Stored items from a collection:
§ §
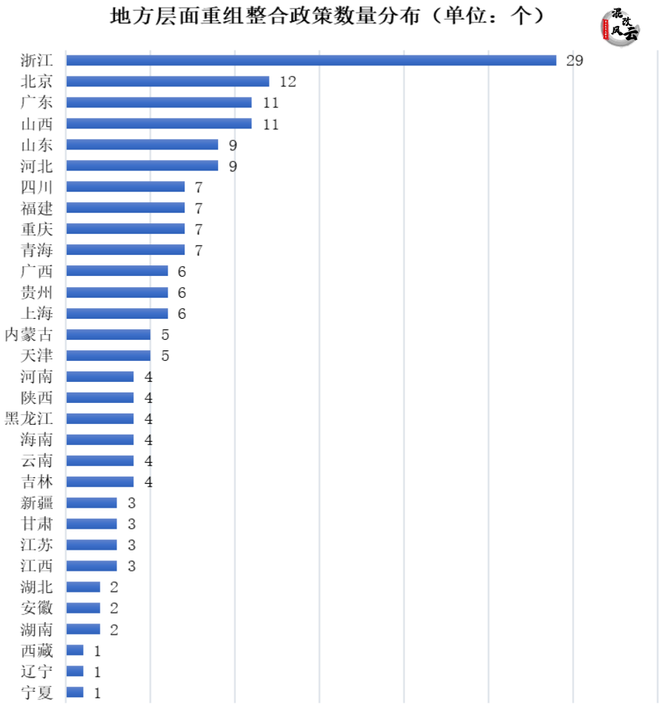 随着中央层面整合重组政策的相继出台,地方层面也积极响应,不过响应程度不同,出台的相关政策数量及种类,具有显著的差异性,尤其以浙江最多。
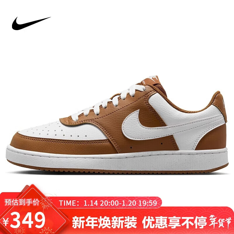 自营耐克NIKE休闲鞋女子减震COURT VISION LO运动鞋DH3158-200褐白36.5
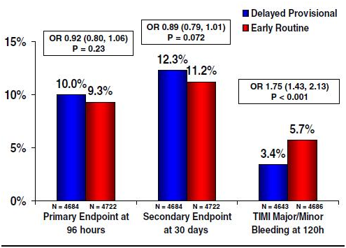 Rates of the primary efficacy composite end point (death, myocardial infarction, recurrent ischemia leading to urgent revascularization, or thrombotic bailout) at 96 h, key secondary efficacy composite (death or myocardial infarction) at 30 days, and the primary safety end point (TIMI major bleeding) are shown for a delayed, provisional use of eptifibatide just prior to percutaneous coronary intervention (blue) versus the routine early administration of eptifibatide (red). OR: odds ratio.
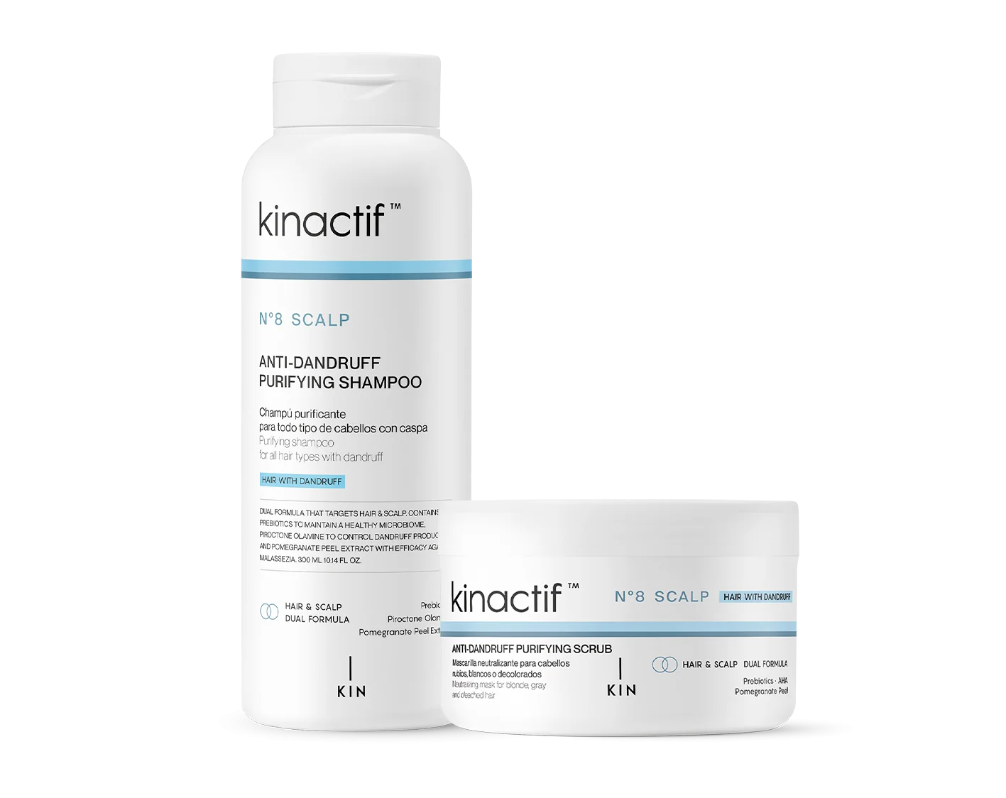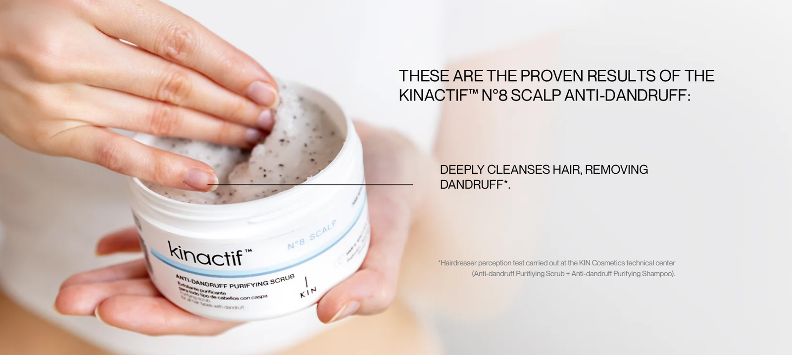 KINACTIF™ N°8 SCALP ANTI-DANDRUFF products are formulated to combat and prevent the appearance of dandruff, helping to balance the scalp, leaving hair clean and healthy.
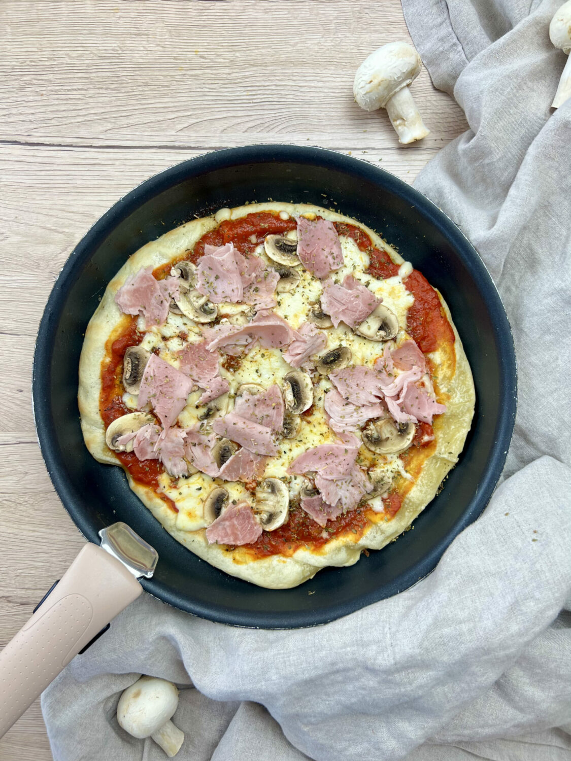 La pizza reine à la poêle est une alternative pratique et savoureuse à la pizza cuite au four, où une base de pâte à pizza est garnie de sauce tomate, de jambon, de champignons et de fromage, puis cuite à la poêle jusqu’à ce que le fromage fonde et que la pâte soit croustillante. Cette méthode de cuisson rapide permet d’obtenir une pizza savoureuse en un temps record, idéale pour les soirées où vous avez envie de manger une bonne pizza sans attendre.
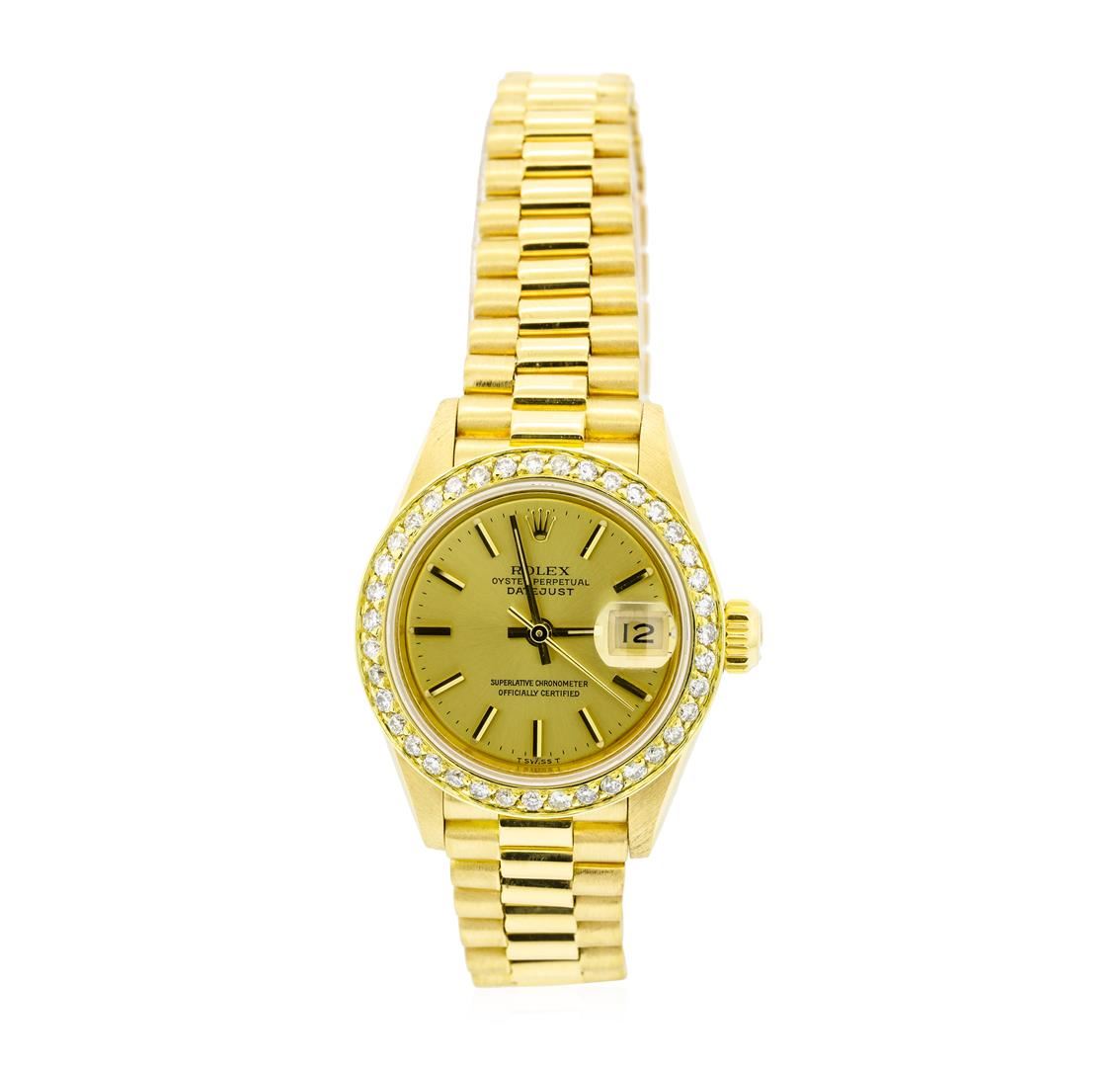 One ladies hand crafted & machine milled Rolex Lady President the DateJust model wristwatch electronically tested 18KT yellow gold, Circa: 1984, Case: 26mm oyster, Rolex Signature Crown: twinlock with logo, Custom Bezel: diamond set, Custom Crystal: synthetic sapphire cyclops lens.Movement: superlative chronometer, Rolex signed Dial: Champagne color, baton hands, & raised indices with a minute track, Date Display: Champagne color, 3 o'clock position, quick set.Bracelet: 18KT yellow gold Lady President, Condition: G-6 Extra Fine. Bright polish & satin finish. Six and three quarter inch length. Swiss and Rolex Hallmarked concealed deployment clasp, with logo. Containing: Thirty-Nine prong set round brilliant cut diamonds, measuring 1.80 - 1.60 x 1.02mm (depth est.) approximate total weight of 39 Stones = 0.72ct. Set & graded in the bezel. Clarity: SI-2 to I-1 Color E - G. Total Weight of Diamonds 0.72ct. Total Weight of Watch 71.48gm. AIG Appraised at $19,000.00.
§ §
[EXERCISE PROMPT]: From the first line to the last, return the records exactly and leave the pictures behind.

[OUTPUT OF THE EXERCISE]:
 随着中央层面整合重组政策的相继出台,地方层面也积极响应,不过响应程度不同,出台的相关政策数量及种类,具有显著的差异性,尤其以浙江最多。
 自营耐克NIKE休闲鞋女子减震COURT VISION LO运动鞋DH3158-200褐白36.5
 Rates of the primary efficacy composite end point (death, myocardial infarction, recurrent ischemia leading to urgent revascularization, or thrombotic bailout) at 96 h, key secondary efficacy composite (death or myocardial infarction) at 30 days, and the primary safety end point (TIMI major bleeding) are shown for a delayed, provisional use of eptifibatide just prior to percutaneous coronary intervention (blue) versus the routine early administration of eptifibatide (red). OR: odds ratio.
 KINACTIF™ N°8 SCALP ANTI-DANDRUFF products are formulated to combat and prevent the appearance of dandruff, helping to balance the scalp, leaving hair clean and healthy.
 La pizza reine à la poêle est une alternative pratique et savoureuse à la pizza cuite au four, où une base de pâte à pizza est garnie de sauce tomate, de jambon, de champignons et de fromage, puis cuite à la poêle jusqu’à ce que le fromage fonde et que la pâte soit croustillante. Cette méthode de cuisson rapide permet d’obtenir une pizza savoureuse en un temps record, idéale pour les soirées où vous avez envie de manger une bonne pizza sans attendre.
 One ladies hand crafted & machine milled Rolex Lady President the DateJust model wristwatch electronically tested 18KT yellow gold, Circa: 1984, Case: 26mm oyster, Rolex Signature Crown: twinlock with logo, Custom Bezel: diamond set, Custom Crystal: synthetic sapphire cyclops lens.Movement: superlative chronometer, Rolex signed Dial: Champagne color, baton hands, & raised indices with a minute track, Date Display: Champagne color, 3 o'clock position, quick set.Bracelet: 18KT yellow gold Lady President, Condition: G-6 Extra Fine. Bright polish & satin finish. Six and three quarter inch length. Swiss and Rolex Hallmarked concealed deployment clasp, with logo. Containing: Thirty-Nine prong set round brilliant cut diamonds, measuring 1.80 - 1.60 x 1.02mm (depth est.) approximate total weight of 39 Stones = 0.72ct. Set & graded in the bezel. Clarity: SI-2 to I-1 Color E - G. Total Weight of Diamonds 0.72ct. Total Weight of Watch 71.48gm. AIG Appraised at $19,000.00.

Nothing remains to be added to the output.